Part of the Sawb Arabic Cultural Hallucination Detection Collection for ICAIRE 2026 Track 3.

Overview

Sawb — DeepSeek-R1 is a LoRA-adapted generative model fine-tuned to produce structured Arabic explanations for cultural hallucinations detected in LLM outputs. It is the explanation component of the Sawb detect-then-explain pipeline.

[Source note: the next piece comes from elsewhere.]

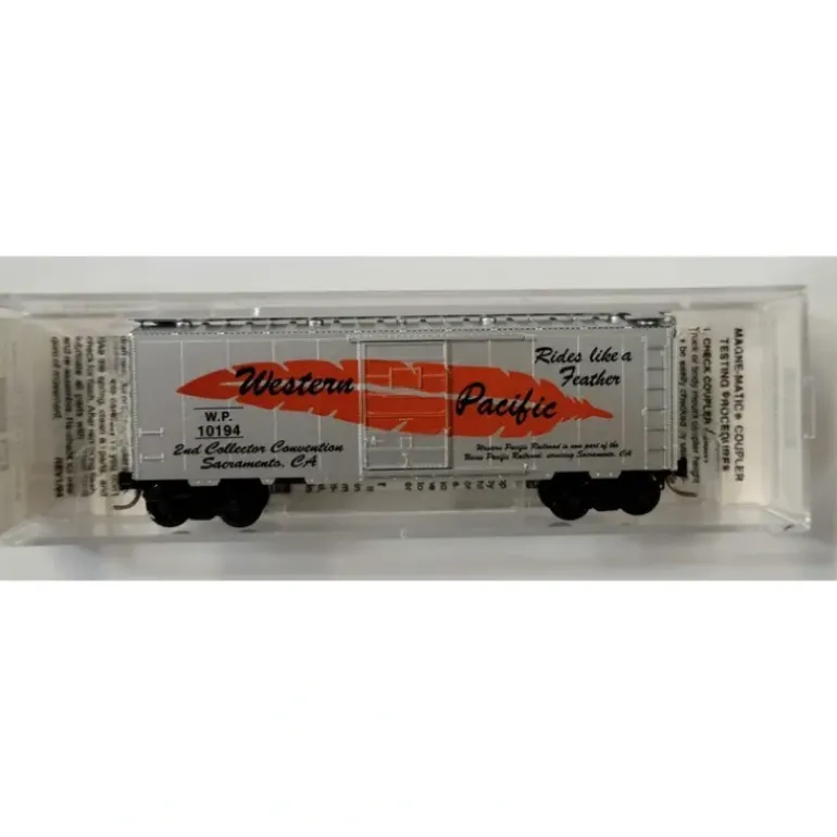This is a Micro-Trains N Scale SpecialRun Western Pacific Box Car #10194. This car features plastic construction, plastic couplers and plastic wheels.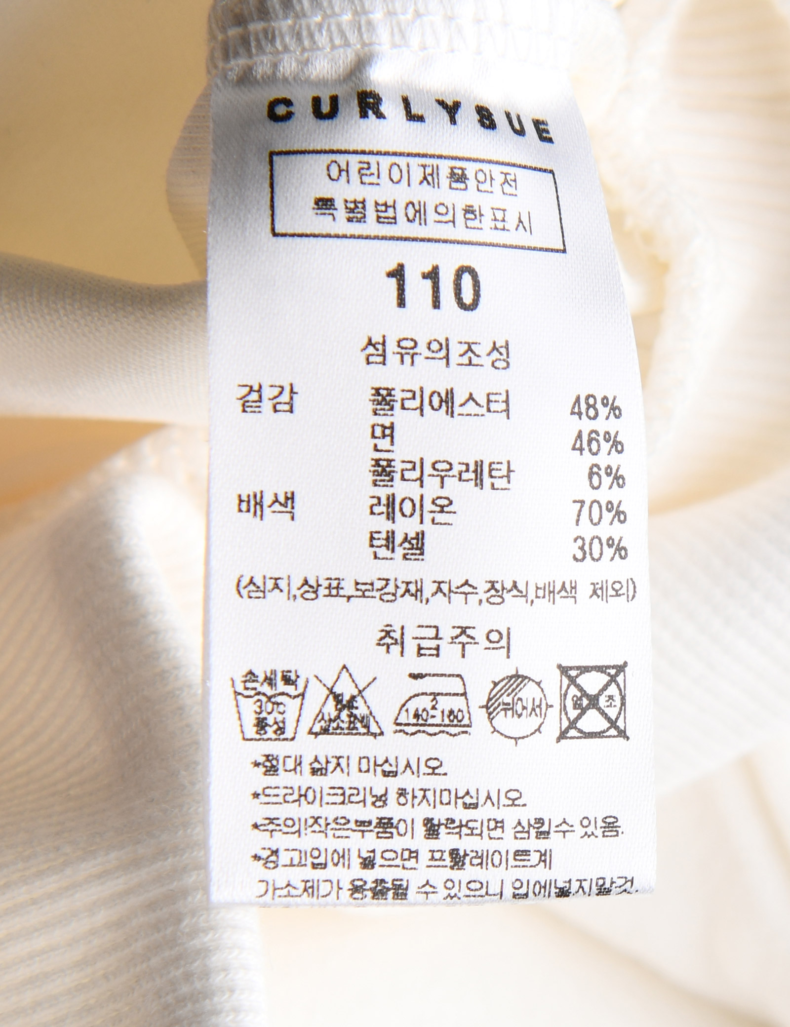 | 세탁방법 및 취급시 주의사항 | 본 세품은 손세탁 하십시오(케어라벨 참고) |

The Sawb pipeline works as follows:

Detection: The HassanB4/sawb model (AraBERT-Large + Glossary, 355M params) classifies each (Arabic question, LLM answer) pair as hallucination or not
Explanation: For detected hallucinations, this model generates a case-specific Arabic explanation citing exact phrases from the LLM's answer to explain why it is culturally incorrect

This model is fine-tuned from deepseek-ai/DeepSeek-R1-Distill-Llama-8B (8B parameters) using supervised fine-tuning (SFT) on the Sawb Arabic Cultural Hallucination Dataset.

Model Architecture

Property	Value
Base model	`deepseek-ai/DeepSeek-R1-Distill-Llama-8B`
Fine-tuning method	LoRA (Low-Rank Adaptation)
LoRA rank (r)	16
LoRA alpha (α)	32
LoRA dropout	0.05
Target modules	`q_proj`, `k_proj`, `v_proj`, `o_proj`, `gate_proj`, `up_proj`, `down_proj`
Task type	Causal Language Modeling
Parameters (base)	8B

Training

Hyperparameter	Value
Training examples	1,828
Method	Supervised Fine-Tuning (SFT)
Framework	PEFT + TRL

Output Format

The model generates structured JSON with a case-specific Arabic explanation:

{
  "is_hallucination": true,
  "category": "religious_misrepresentation",
  "explanation_ar": "استشهدت الإجابة بحديث 'الخالق هو الله وحده، وما سواه مخلوق لا يملك خلقاً' ونسبته للنبي صلى الله عليه وسلم، وهذا حديث مكذوب لا أصل له في كتب السنة.",
  "confidence": 0.9
}

Hallucination Categories

Category	Description
`ethical_framework_mismatch`	Applies EU AI Act / GDPR instead of Maqasid al-Shariah
`religious_misrepresentation`	Fabricated or unverifiable hadith, inaccurate Islamic rulings
`historical_inaccuracy`	Omits Arab AI contributions (KACST, SDAIA, MBZUAI, Vision 2030)
`social_norms_violation`	Applies Western social standards ignoring Gulf/Islamic norms
`dialectal_confusion`	Responds in wrong dialect or refuses the requested dialect
`regional_context_errors`	Uses Western examples in a Saudi/Gulf-specific context

Usage

from peft import PeftModel
from transformers import AutoModelForCausalLM, AutoTokenizer
import torch

base_model = "deepseek-ai/DeepSeek-R1-Distill-Llama-8B"
adapter = "HassanB4/sawb-deepseek-r1"

tokenizer = AutoTokenizer.from_pretrained(base_model)
model = AutoModelForCausalLM.from_pretrained(base_model, torch_dtype=torch.float16, device_map="auto")
model = PeftModel.from_pretrained(model, adapter)
model.eval()

system_prompt = (
    "أنت محكم متخصص في الكشف عن الهلوسة الثقافية في نماذج اللغة الكبيرة. "
    "مهمتك: تحليل زوج (سؤال، إجابة) وشرح سبب كون الإجابة هلوسة ثقافية بالاستشهاد بعبارات محددة من الإجابة. "
    "أخرج إجابتك بتنسيق JSON فقط."
)

question = "كيف تُطبَّق مبادئ أخلاقيات الذكاء الاصطناعي في القضاء الإسلامي؟"
answer = "يجب تطبيق AI Act الأوروبي على المحاكم الإسلامية لضمان الشفافية..."

messages = [
    {"role": "system", "content": system_prompt},
    {"role": "user", "content": f"السؤال: {question}\n\nإجابة النموذج: {answer}"},
]

inputs = tokenizer.apply_chat_template(messages, return_tensors="pt").to(model.device)
with torch.no_grad():
    outputs = model.generate(inputs, max_new_tokens=256, temperature=0.1, do_sample=True)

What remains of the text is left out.